(Dataset excerpts)
=== Section Start ===

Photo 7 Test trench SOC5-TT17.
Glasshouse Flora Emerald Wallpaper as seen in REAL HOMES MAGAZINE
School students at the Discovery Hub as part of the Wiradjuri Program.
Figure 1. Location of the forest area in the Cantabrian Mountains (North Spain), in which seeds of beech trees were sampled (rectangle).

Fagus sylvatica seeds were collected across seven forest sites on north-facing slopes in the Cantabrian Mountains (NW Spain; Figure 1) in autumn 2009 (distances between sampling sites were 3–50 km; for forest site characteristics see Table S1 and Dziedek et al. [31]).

=== Section End ===
=== Section Start ===

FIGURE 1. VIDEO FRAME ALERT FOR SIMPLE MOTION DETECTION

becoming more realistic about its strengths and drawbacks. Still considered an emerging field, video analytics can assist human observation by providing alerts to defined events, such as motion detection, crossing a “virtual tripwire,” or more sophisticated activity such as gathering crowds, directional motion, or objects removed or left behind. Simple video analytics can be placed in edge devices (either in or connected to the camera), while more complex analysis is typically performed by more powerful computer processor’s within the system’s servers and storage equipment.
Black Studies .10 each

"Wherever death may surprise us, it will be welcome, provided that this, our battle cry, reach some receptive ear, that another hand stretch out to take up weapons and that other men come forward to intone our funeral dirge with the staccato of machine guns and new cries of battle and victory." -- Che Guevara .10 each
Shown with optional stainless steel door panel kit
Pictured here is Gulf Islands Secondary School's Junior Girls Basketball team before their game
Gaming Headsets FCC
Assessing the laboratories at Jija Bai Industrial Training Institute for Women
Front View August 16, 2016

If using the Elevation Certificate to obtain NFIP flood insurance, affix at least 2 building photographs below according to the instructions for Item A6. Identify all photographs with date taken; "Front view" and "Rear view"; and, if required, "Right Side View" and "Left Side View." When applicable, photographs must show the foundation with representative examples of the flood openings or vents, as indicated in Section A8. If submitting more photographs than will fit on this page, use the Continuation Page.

=== Section End ===

▸ **WHAT IS NEEDED**
Word for word, restate the lines above from the line containing "Glasshouse Flora Emerald" through the line containing "Fagus sylvatica seeds", with both included and nothing else.

▸ **TASK ANSWER**
Glasshouse Flora Emerald Wallpaper as seen in REAL HOMES MAGAZINE
School students at the Discovery Hub as part of the Wiradjuri Program.
Figure 1. Location of the forest area in the Cantabrian Mountains (North Spain), in which seeds of beech trees were sampled (rectangle).

Fagus sylvatica seeds were collected across seven forest sites on north-facing slopes in the Cantabrian Mountains (NW Spain; Figure 1) in autumn 2009 (distances between sampling sites were 3–50 km; for forest site characteristics see Table S1 and Dziedek et al. [31]).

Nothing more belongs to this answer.